Dataset content:

::::

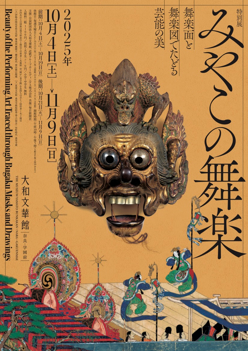 舞楽は奈良時代より宮中の諸行事や寺社の法会・祭礼において奏された日本で最も長い歴史をもつ芸能。中世以降、舞楽の発展を中心的に主導していた「三方楽所」と称される、大内(宮中)・南都(興福寺)・天王寺(四天王寺)の舞楽演奏組織やその楽人は、宮中のみならず天野社や嚴島神社をはじめ、近世には江戸や日光へと楽人を派遣し、舞楽継承に大きな役割を果たしてきた。今展では、こうした舞楽の発展を、舞楽を描いた《聖徳太子絵伝 第五・六幅》(鎌倉時代、1323(元享3)年、大阪・四天王寺蔵)、《桑実寺縁起絵巻》(室町時代、1532(天文元)年、滋賀・桑実寺蔵)などの舞楽図や、平安時代から江戸時代までの舞楽面など、重要文化財を多数含む69件の出陳品によって紹介。京都・奈良・大阪を中心に育まれた豊かな芸能文化の精華に触れる。
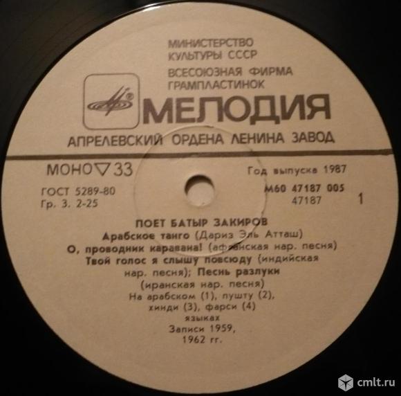 Грампластинка (винил). Гигант [12" LP]. Поет Батыр Закиров (1). Запись 1959, 1962 гг. Мелодия, 1986.
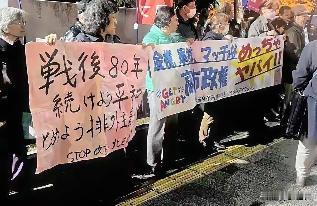 日本的聪明人,就剩下这么几百个了吗? 当地时间25日傍晚,高市早苗首相府邸前面,几百普通民众自发拉着横幅抗议。 要求高市早苗发表的涉台言论向中国道歉,作为掌权者应该维护好战败后这来之不易的和平,而不是破坏秩序,并且要求高市早苗引咎辞职。 可能这些底层民众才是真正的人间清醒,知道如果一旦真的打起来,最受伤的还是他们!

::::

Task goal:
Repeat the material exactly. Any picture in it should be dropped.

Response to this task:
 舞楽は奈良時代より宮中の諸行事や寺社の法会・祭礼において奏された日本で最も長い歴史をもつ芸能。中世以降、舞楽の発展を中心的に主導していた「三方楽所」と称される、大内(宮中)・南都(興福寺)・天王寺(四天王寺)の舞楽演奏組織やその楽人は、宮中のみならず天野社や嚴島神社をはじめ、近世には江戸や日光へと楽人を派遣し、舞楽継承に大きな役割を果たしてきた。今展では、こうした舞楽の発展を、舞楽を描いた《聖徳太子絵伝 第五・六幅》(鎌倉時代、1323(元享3)年、大阪・四天王寺蔵)、《桑実寺縁起絵巻》(室町時代、1532(天文元)年、滋賀・桑実寺蔵)などの舞楽図や、平安時代から江戸時代までの舞楽面など、重要文化財を多数含む69件の出陳品によって紹介。京都・奈良・大阪を中心に育まれた豊かな芸能文化の精華に触れる。
 Грампластинка (винил). Гигант [12" LP]. Поет Батыр Закиров (1). Запись 1959, 1962 гг. Мелодия, 1986.
 日本的聪明人,就剩下这么几百个了吗? 当地时间25日傍晚,高市早苗首相府邸前面,几百普通民众自发拉着横幅抗议。 要求高市早苗发表的涉台言论向中国道歉,作为掌权者应该维护好战败后这来之不易的和平,而不是破坏秩序,并且要求高市早苗引咎辞职。 可能这些底层民众才是真正的人间清醒,知道如果一旦真的打起来,最受伤的还是他们!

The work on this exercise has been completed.